From The Journal of the American Medical Association (JAMA)…
Overshadowed by the Zika epidemic, concerns about terrorism and security, and the US presidential election, the global HIV/AIDS pandemic persists, with 2.1 million new HIV infections and 1.1 million deaths worldwide in 2015 (http://bit.ly/2ambo2P). The 21st International AIDS Conference in Durban, South Africa, in July highlighted the remarkable progress since 2000, when the conference was last held in Durban and very few people in Africa received antiretroviral therapy.
At present, 3.4 million people in South Africa are being treated for HIV infection, more than in any other country in the world; between 2005 and 2015 overall life expectancy at birth in South Africa increased from 53.5 years to 62.5 years (http://bit.ly/1swJbPo). In 2000, 490 000 new HIV infections occurred among children throughout the world; in 2010 the figure decreased to 290 000 and in 2015 to 150 000 (http://bit.ly/2ambo2P).
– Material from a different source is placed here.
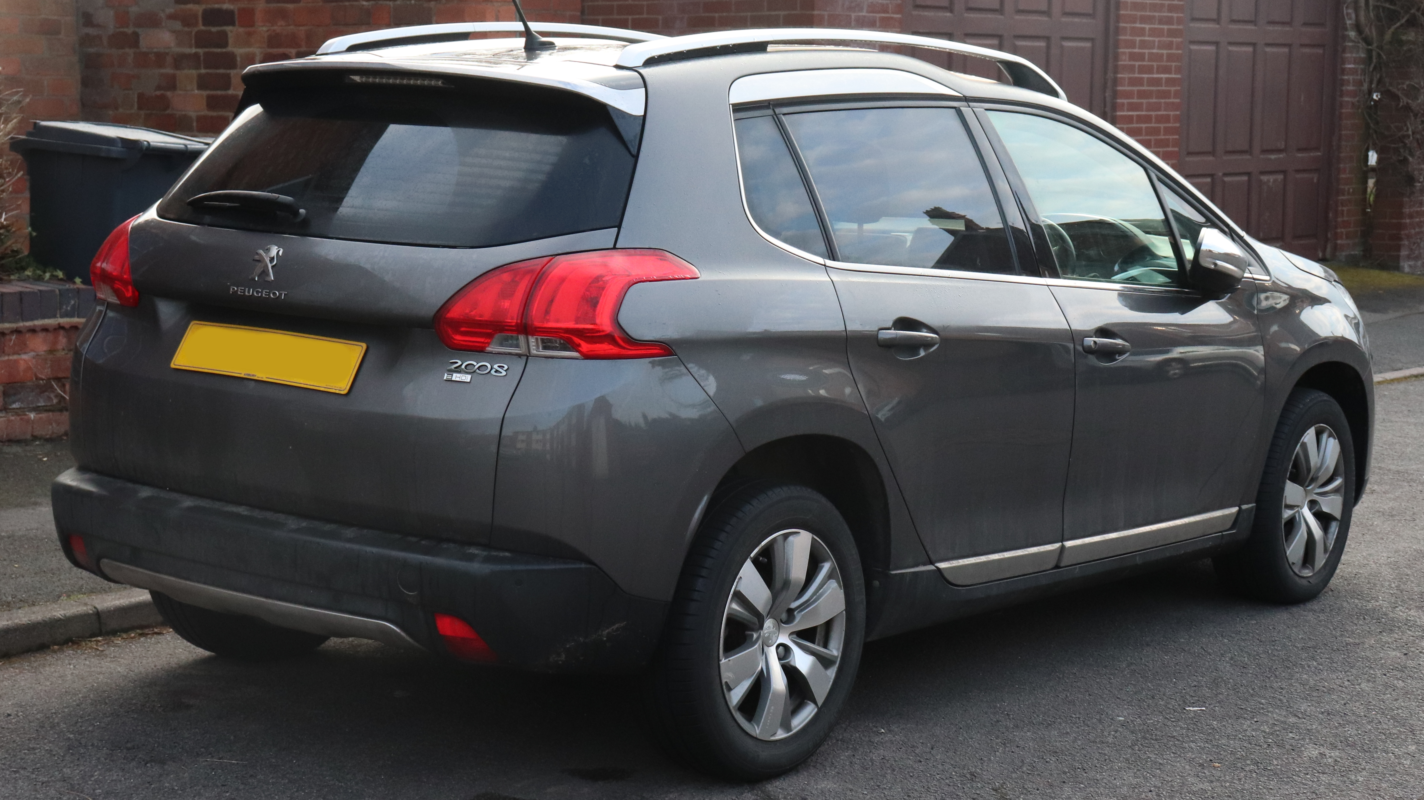 2015 Peugeot 2008 Allure E-HDi S-A 1.6 Rear Taken in Leamington Spa
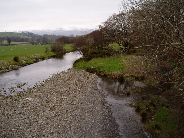 Afon Llafar. The river has nearly reached Bala Lake.

Unlike the $10 000 annual cost of HIV treatment in 2000, the price tag for some first-line antiretroviral regimens now is only $100 per year.
The recent conference aimed to catalyze the work that remains—further scientific advances, addressing stigma, discrimination and other structural barriers within society, and securing the political commitment, including financial resources for prevention, diagnosis and treatment (http://bit.ly/2960ttk). However, fewer people may have been listening than in the past. Among the more than 15 000 participants from 153 countries, including 800 media delegates, few journalists from a US newspaper or television network were on-site in Durban. Although the conference was covered from afar, it was relatively underreported in the United States.